◆ WHAT IS BEING ASKED:
Start at the line below containing "1888年創業。豊橋駅で稲荷" and stop at the line containing "Gigabitno pametno upravljano". Repeat every line of that stretch exactly, and nothing outside it.

◆ DATA PROVIDED:
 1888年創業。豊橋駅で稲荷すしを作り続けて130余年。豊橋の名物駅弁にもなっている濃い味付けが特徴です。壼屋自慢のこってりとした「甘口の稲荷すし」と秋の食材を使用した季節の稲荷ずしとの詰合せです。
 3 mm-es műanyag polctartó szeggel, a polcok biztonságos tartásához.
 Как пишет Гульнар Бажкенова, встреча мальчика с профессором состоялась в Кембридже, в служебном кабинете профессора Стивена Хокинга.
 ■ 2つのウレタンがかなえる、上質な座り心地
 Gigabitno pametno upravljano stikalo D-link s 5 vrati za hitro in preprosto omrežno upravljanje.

--

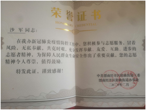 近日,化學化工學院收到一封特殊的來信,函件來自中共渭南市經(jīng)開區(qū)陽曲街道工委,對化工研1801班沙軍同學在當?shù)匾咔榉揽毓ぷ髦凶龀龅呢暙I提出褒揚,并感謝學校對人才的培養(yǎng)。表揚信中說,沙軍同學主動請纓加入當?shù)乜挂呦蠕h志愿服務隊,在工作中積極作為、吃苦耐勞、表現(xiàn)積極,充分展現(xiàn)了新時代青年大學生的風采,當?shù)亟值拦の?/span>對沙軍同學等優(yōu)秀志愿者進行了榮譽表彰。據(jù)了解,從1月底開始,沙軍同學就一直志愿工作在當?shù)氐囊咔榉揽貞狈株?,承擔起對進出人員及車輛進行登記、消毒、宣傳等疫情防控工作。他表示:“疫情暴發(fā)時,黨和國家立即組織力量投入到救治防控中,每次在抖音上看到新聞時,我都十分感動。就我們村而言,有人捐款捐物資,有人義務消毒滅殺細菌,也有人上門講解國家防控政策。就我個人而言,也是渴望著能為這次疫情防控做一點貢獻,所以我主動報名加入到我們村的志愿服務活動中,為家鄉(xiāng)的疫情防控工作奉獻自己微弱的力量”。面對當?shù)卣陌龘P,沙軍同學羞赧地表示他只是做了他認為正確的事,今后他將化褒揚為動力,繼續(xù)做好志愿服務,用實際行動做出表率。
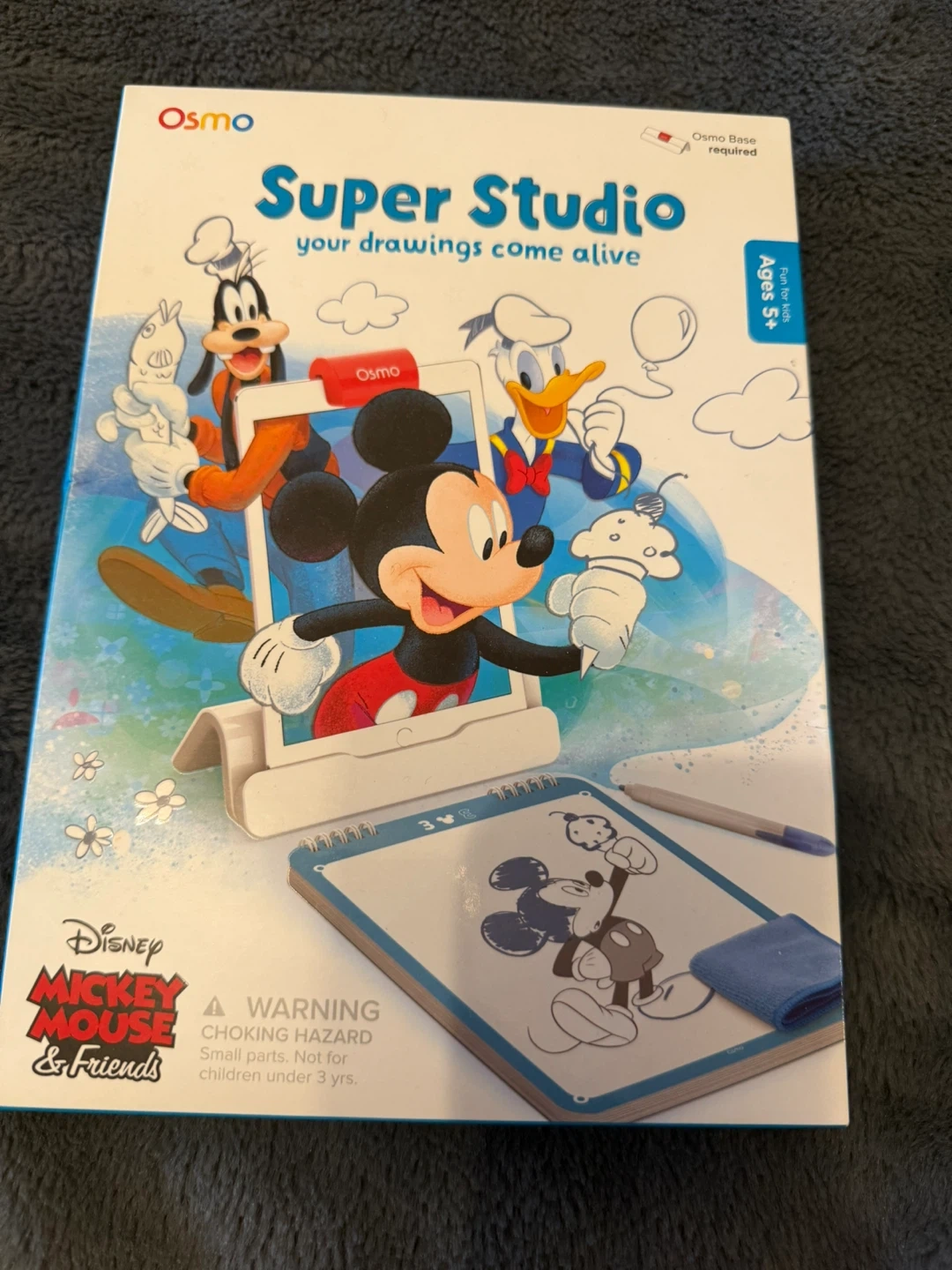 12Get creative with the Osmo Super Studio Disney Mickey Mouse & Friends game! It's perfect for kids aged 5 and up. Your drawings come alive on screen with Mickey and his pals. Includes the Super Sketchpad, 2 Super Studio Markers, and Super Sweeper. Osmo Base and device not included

◆ EXERCISE ANSWER:
 1888年創業。豊橋駅で稲荷すしを作り続けて130余年。豊橋の名物駅弁にもなっている濃い味付けが特徴です。壼屋自慢のこってりとした「甘口の稲荷すし」と秋の食材を使用した季節の稲荷ずしとの詰合せです。
 3 mm-es műanyag polctartó szeggel, a polcok biztonságos tartásához.
 Как пишет Гульнар Бажкенова, встреча мальчика с профессором состоялась в Кембридже, в служебном кабинете профессора Стивена Хокинга.
 ■ 2つのウレタンがかなえる、上質な座り心地
 Gigabitno pametno upravljano stikalo D-link s 5 vrati za hitro in preprosto omrežno upravljanje.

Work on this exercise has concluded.